You, Travis Nichols, have just presided over a very messy, introverted coup d’état on Harriet. Not only have you banned a whole group of enthusiastic and positive outsiders, you have protected insiders who have been negative for months, a group who were regularly trashing those who would expand the discourse. Furthermore, and this is really damaging to the Foundation’s reputation, one of your clique is being compared to John O’Hara in POETRY right now. Indeed, you have let Harriet be taken over by a clique who are specifically located in Chicago and want to become a celebrated new ‘Chicago School.’ And you want Harriet to be their own private bandwagon!
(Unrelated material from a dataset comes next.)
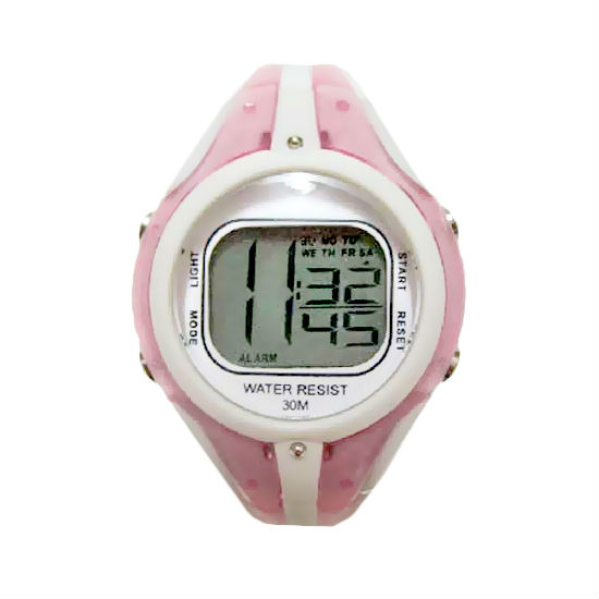 This fancy digital watch features a girlish design in pink and white to delight female users. It features a lightweight plastic construction that ensures wearers' comfort. The water-resistant design makes it ideal for use in outdoor occasions too.

This is disgraceful, and totally against the Foundation’s principles. Indeed, you should resign.
I myself am one of the posters whom your friend Michael Robbins, the new O’Hara, regularly trashes, and you have done the same yourself, mocking me in public a number of times. Furthermore, way back at the end of May when I was just beginning, I had a whole post deleted, poof, just like that. I complained to the Webmaster and got a very nice letter back not from you but from the On-line Editor herself assuring me the deletion was just the mistake of an inexperienced monitor.
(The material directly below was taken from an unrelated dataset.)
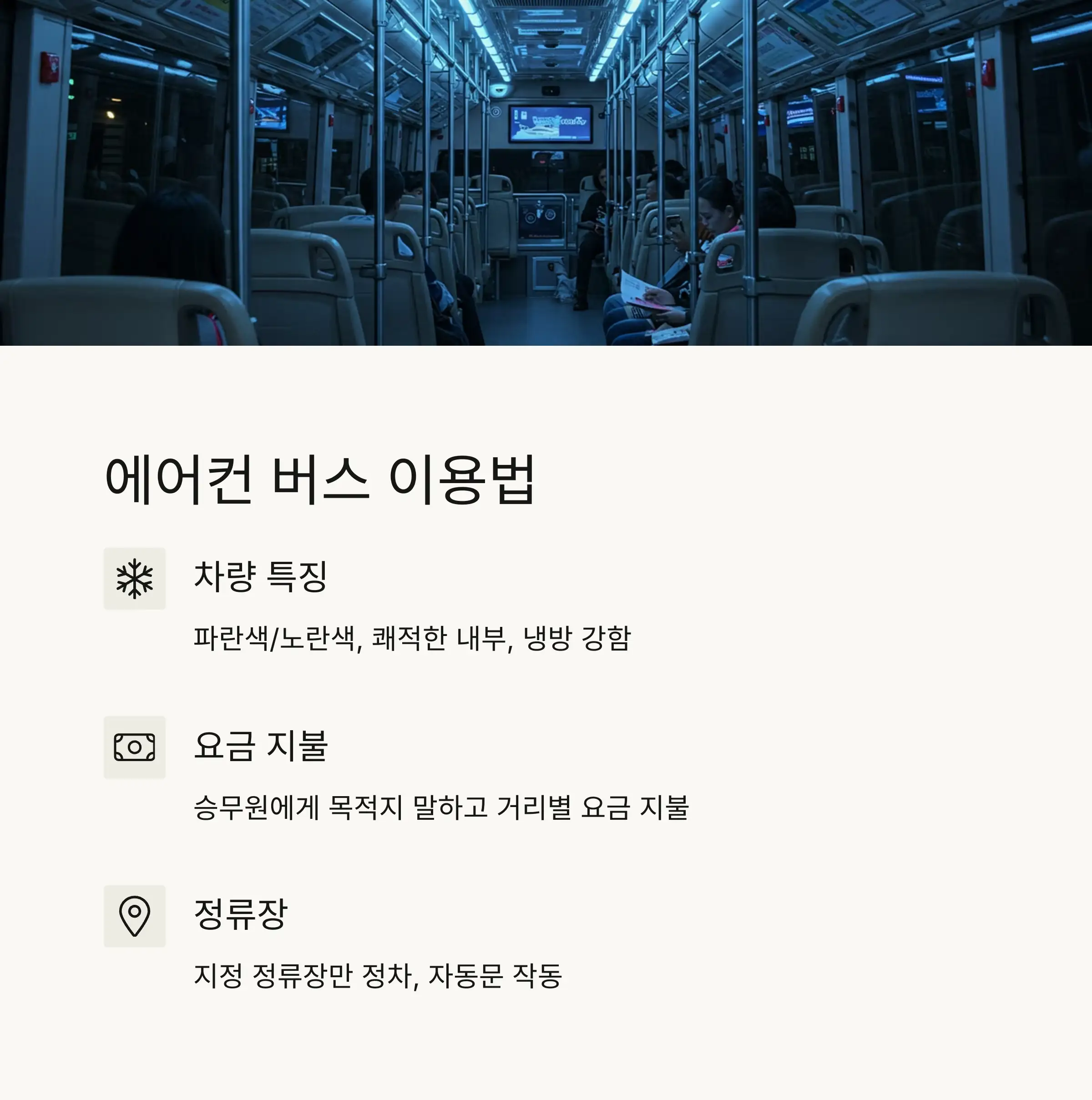 이제 요금 체계와 지불 방식까지 알았으니, 다음은 ‘에어컨 버스’에 대해 좀 더 깊이 알아볼게요. 어떤 점이 좋은지, 불편한 건 없는지 알려드릴게요 ❄️

The subject was already Foetry!
The On-line Editor also assured me that I could repost what had been deleted, but because four days had past by then, and it was no longer relevant, I didn’t. When I finally did, I posted a much longer and more detailed Comment on the same matter, and was not only thanked by Martin Earl for it but he even bothered to go to my site, read a poem of my own, and to praise it (it was idiot simple and unprofessional, but still he liked it!).
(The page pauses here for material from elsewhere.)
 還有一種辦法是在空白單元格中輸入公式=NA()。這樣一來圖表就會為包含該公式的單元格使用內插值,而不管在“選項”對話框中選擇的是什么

I think you, Travis Nichols, should have taken a page from Martin Earl’s book. As the editor in charge of Harriet you should be welcoming and tolerant, not engage in cyber-cleansing as you did.
And those were the good old days, so good that they terrified you, Travis Nichols and Michael Robbins – yes, you felt you were losing control of the field!
Well, THE FIELD’S NOT YOURS, I’m writing this letter to tell you. Indeed, it’s the biggest mission of Foetry of all to see to it that it isn’t yours, so no wonder you were so afraid right from the start. For opposing the insidious take-overs of poetry people like you is Foetry’s main mission. The Contest was just the tip of the iceberg right at the beginning — because the Contest was so visible it was possible for Alan Cordle to prove that influence was actually being peddled, even in poetry. Indeed, he always made it clear where he was headed, and still is.
A revelation, influence peddling in poetry, but you still haven’t got it. That’s why you’ve gone to such lengths to hide it!
Yes, resign, Travis Nichols. You must resign and hand over the management of Harriet to someone not in cahoots with anyone, someone who is large enough to rejoice in the Irish outrage of a Desmond Swords, in the genius fun and challenge of a Thomas Brady, and even in the stutterings of an old poetaster like me.
We’re not better, just worth it as much as a Michael Robbins, and because we’re also funnier we’re healthier!